# Factors affecting distance



## jamesFrain (May 8, 2007)

This no doubt has been bandied about but I'm looking for peoples opinion on this slant I've taken. I'm about to have my 45" shaft trimmed down to 43" as I believe this will give me more control and I grip down most of the time anyways. But what I've been trying to prove to myself is that the biggest factor affecting the distance a ball goes is how near to the sweet spot you make contact. ie I've always maintained that a 95mph impact speed out of the sweet spot will go further than 110mph with an off centre hit (Even by just 1cm) 
The latter is what I used to swing like and could crush it more than 300 yrds but more often than not I was looking at a 230 yrd power fade. Now with my more relaxed 95 mph I'm hitting he square and getting 200 yrds carry with 50 - 60 yrds roll. 
Also is it my imagination but I notice that when I really go at the ball and nail it the extra back spin carries the ball a lot further but I seem to be getting almost no roll while when I look like an old man with a lot slower swing speed I get a lot less carry but a lot more roll. Has any of you folks noticed this? Club is a Jack Nick CD2 with 64g Graffalloy Stiff. 

Do you think I would be advised to shorten the shaft?


----------



## BrianMcG (Apr 7, 2007)

Like you said, centeredness of contact is more of a determinant of how far the ball will travel than a slight increase in swing speed. So if you have a slightly shorter club you hit more solid you will probably have a much longer average.

As far as roll is concerned, that is dependant on having a properly fitted driver, i.e. with the correct shaft flex and loft. Having a driver that is set up properly will allow you to get the best launch angle and spin rate of the golf ball giving you the longest total distance. There are a lot of hitting machines out there that can measure this for you. Also the type of ball you play makes a difference also.


----------



## jamesFrain (May 8, 2007)

*Re:*

thanks for that Brian, would you reccomend I shorten my club as most advice on the net seems to point towards.?


----------



## BrianMcG (Apr 7, 2007)

I usually do not suggest that anyone shorten their own driver, but that they play with a shorter driver. The reason being that when you shorten a driver you will effectively change the lie angle (drivers are almost impossible to adjust) and the swingweight of the club. This will make the club feel a lot different. 

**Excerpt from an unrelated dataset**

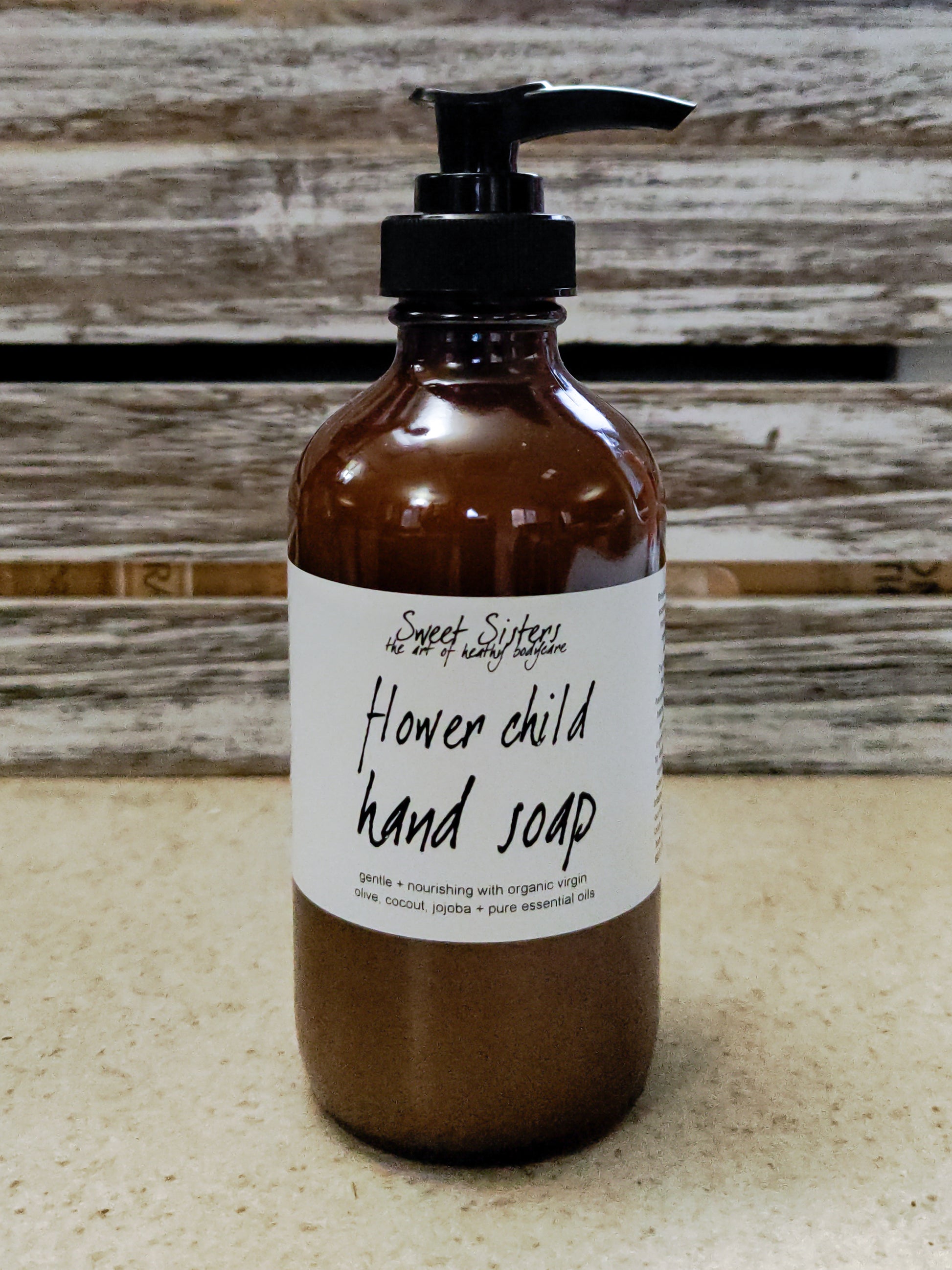Glass bottle of gorgeous flowery “Flower Child” hand soap handcrafted from 100% organic plant oils and scented with pure essential oils extracted only with steam or CO2, not toxic solvents. This Whidbey Island company combines quality vegan ingredients using a hot-process soapmaking method that retains all of moisturizing properties. The result is a gentle soap that is cleansing and very soothing to the skin. Pamper your skin with soap that smells like a beautiful summer’s day!

The flatter effective lie you have with the driver may make you push the ball to the right more. But since you said you choked up on it a lot anyway, this may not effect you. 

After you shorten it you can add a few pieces of lead tape to the bottom of the clubhead in order to get the same feel you now have.


----------



## cbwheeler (Apr 9, 2007)

Brian touched on this a little but I'll elaborate. The reason you get a good amount of roll when you swing like "an old man" is directly related to what is known as your "angle of descent" on your ball, caused by launch conditions. It's easy to understand, but not widely known.

Basically, this is the angle in which your ball falls to the ground. If it is more than 45 degrees, you're not going to get much roll, if it is less, your ball is going to roll significantly more. As Brian said, the key to maximizing distance here is your launch conditions. You could actually probably make some relatively small changes and gain 30 yards with your faster swing. They don't even have to be swing changes. They could be equipment changes.

I'm like you. I usually hit a 300 yard drive that gets about 5 feet of roll, but every now and then I'll get a really good looking boring shot trajectory that still has a good amount of speed when its falling so it catches the ground and rolls 40 yards. I'm working on lowering my launch angle and recently switched to a ball that will spin less off the driver. It is my hope to be able to carry about 285 and have 40 or so yards of roll, adding 15 yards to my drive with some very small changes.

The plus to this is I can accomplish more distance with a smoother, more controllable swing.


----------